122 Leadenhall Street is a 225 m skyscraper in central London. It opened in July 2014 and was designed by Rogers Stirk Harbour + Partners; it is known informally as The Cheesegrater because of its distinctive wedge shape, similar to that of the kitchen utensil of the same name.

===The Jenga===
8 Bishopsgate is a 51-storey, 204 metre tall commercial skyscraper located in the City of London. When it opened in 2023, it was the 11th-tallest building in London. It was nicknamed The Jenga due to the three block-like sections which appear to be balanced on top of each other, similar to the game of Jenga.

===The Can of Ham===
70 St Mary Axe is informally known as the Can of Ham or Can of Spam due to its shape.

===The Helter Skelter/The Wodge===
Located at 22 Bishopsgate, the original design's twisting roof and the curling patterns in the façade were based on various organic forms in nature such as armadillos, mushrooms and seashells, and led to the design being nicknamed "The Helter Skelter". The eventual redesign which became the now-constructed 22 Bishopsgate was nicknamed "The Wodge" by The Guardian, with wodge being British slang for a large piece or amount of something.

===The Boomerang or the Vase===
One Blackfriars is a mixed-use development at No. 1 Blackfriars Road in Bankside, London. It is informally known as The Boomerang or The Vase due to its shape. According to the architect Ian Simpson, the unusual shape of the building was inspired by Timo Sarpaneva's classic Lansetti glass vase from 1952.

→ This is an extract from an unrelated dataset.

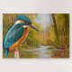 Um martinho pescatore comum é levantado contra um panorama de seu habitat.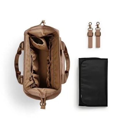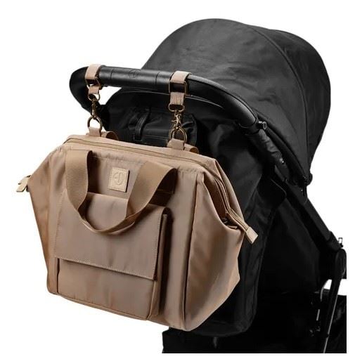 Bruk den lange stroppen for å bære vesken komfortabelt over skulderen, eller fest den til barnevognens håndtak med de medfølgende løkkene.

===Glass Testicle, the Glass Onion, or Armadillo===
The old City Hall is a building in Southwark, London, which previously served as the headquarters of the Greater London Authority (GLA). Former mayor Ken Livingstone called it the "glass testicle", and another former mayor, Boris Johnson, called it the "glass gonad".

It is more commonly known as the Glass Onion or Armadillo due to its shape.

==Proposed buildings that earned nicknames==
Some buildings were nicknamed while they were still architectural concepts, and were never actually built.

===Tulip Tower===
Plans for the 1000 ft tall tower shaped like a Tulip were rejected in 2021, but not before the building got its nickname as the "Erotic Gherkin".